La France face aux identités culturelles

Selon Michel Wieviorka, la montée des identités culturelles est liée à la sortie de l'ère industrielle, qui entraîne l'apparition de nouveaux mouvements sociaux.

Sciences Humaines : Quand les questions d'identité culturelle sont-elles apparues au coeur du débat politique français ?

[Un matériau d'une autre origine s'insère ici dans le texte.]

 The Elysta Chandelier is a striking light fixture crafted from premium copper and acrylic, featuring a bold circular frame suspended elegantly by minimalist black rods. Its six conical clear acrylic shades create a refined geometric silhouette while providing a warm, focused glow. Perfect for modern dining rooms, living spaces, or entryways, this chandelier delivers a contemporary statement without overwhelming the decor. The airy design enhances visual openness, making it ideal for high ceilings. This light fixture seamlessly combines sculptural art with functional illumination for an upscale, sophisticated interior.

Michel Wieviorka : Ces questions ont pris de l'importance tout au long des années 80, avec deux dates importantes : 1981, avec l'arrivée de la gauche au pouvoir, et 1989, date de la chute du mur de Berlin. Nous sommes alors entrés dans une période où les débats sur les questions culturelles semblaient l'emporter de plus en plus sur les débats sociaux. Dès l'élection de François Mitterrand, la France a découvert que l'islam était inscrit dans ses banlieues, pour parler comme Gilles Kepel . La montée du Front national a traduit des inquiétudes sur ce thème, accompagnée d'un certain mélange de hantise de l'islam, de racisme antiarabe et de crise sociale pour des pans entiers de la société française. La chute du mur a accentué ce phénomène jusqu'en 1995, où les grèves de novembre et décembre ont signé le retour de la question sociale dans le débat public.

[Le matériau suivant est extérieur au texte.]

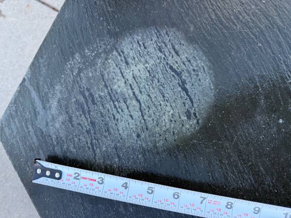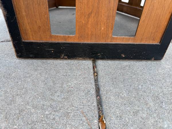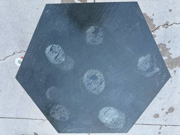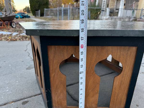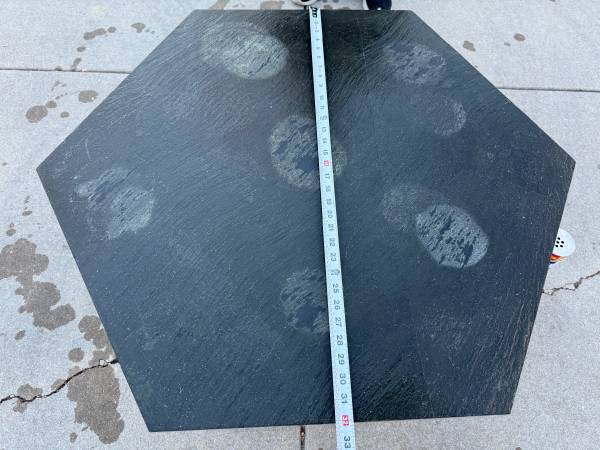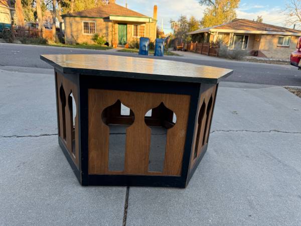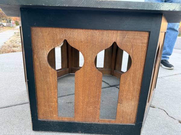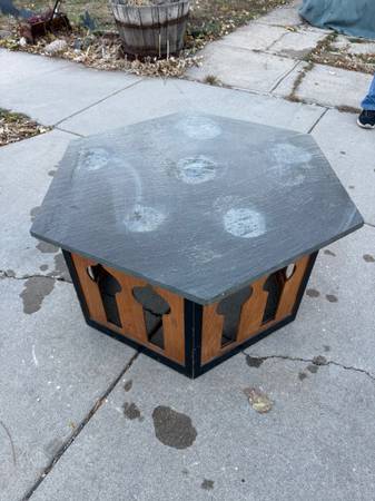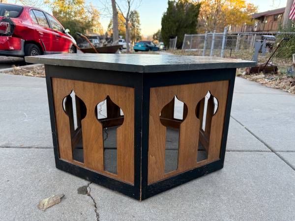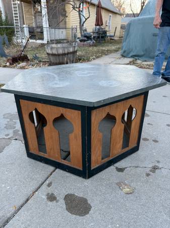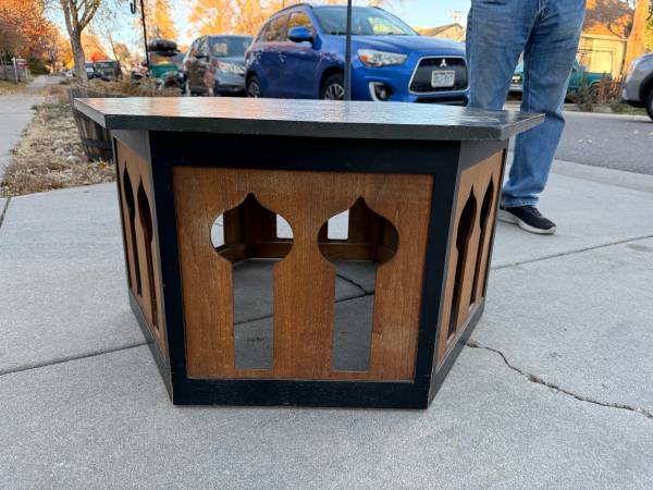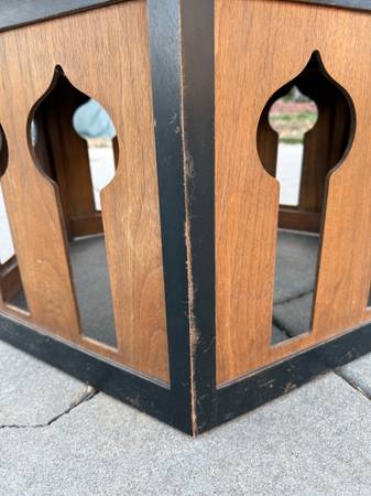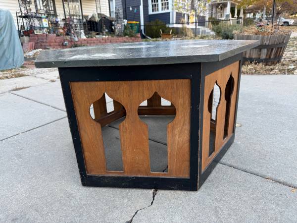 Hi, I have a Vintage Mid Century Moroccan Style with Sculptural Slate & Walnut Octagon End Table for sale. It is still in good shape. It does have some stains on the slate. It was used as a plant stand. I am not sure what brand it is. Very unique end table. It does have some wear. The edges are missing some of the black. It does have some scratches and nicks.

Comment expliquer cette montée en puissance ?

Dans un premier temps, il a fallu accepter - certes très difficilement - l'idée que nous sortions (mal) de l'ère industrielle classique, avec la montée du chômage et l'apparition d'une société « à deux vitesses », comme on disait à l'époque. A la fin des années 70 ont également commencé à s'affirmer, dans l'espace public, différentes approches qui insistaient sur la fin du mouvement ouvrier comme mouvement social, sur la « fin des grands récits », pour parler comme Jean-François Lyotard et les postmodernes, ceci dans un contexte de crise des institutions (services publics, école, justice...).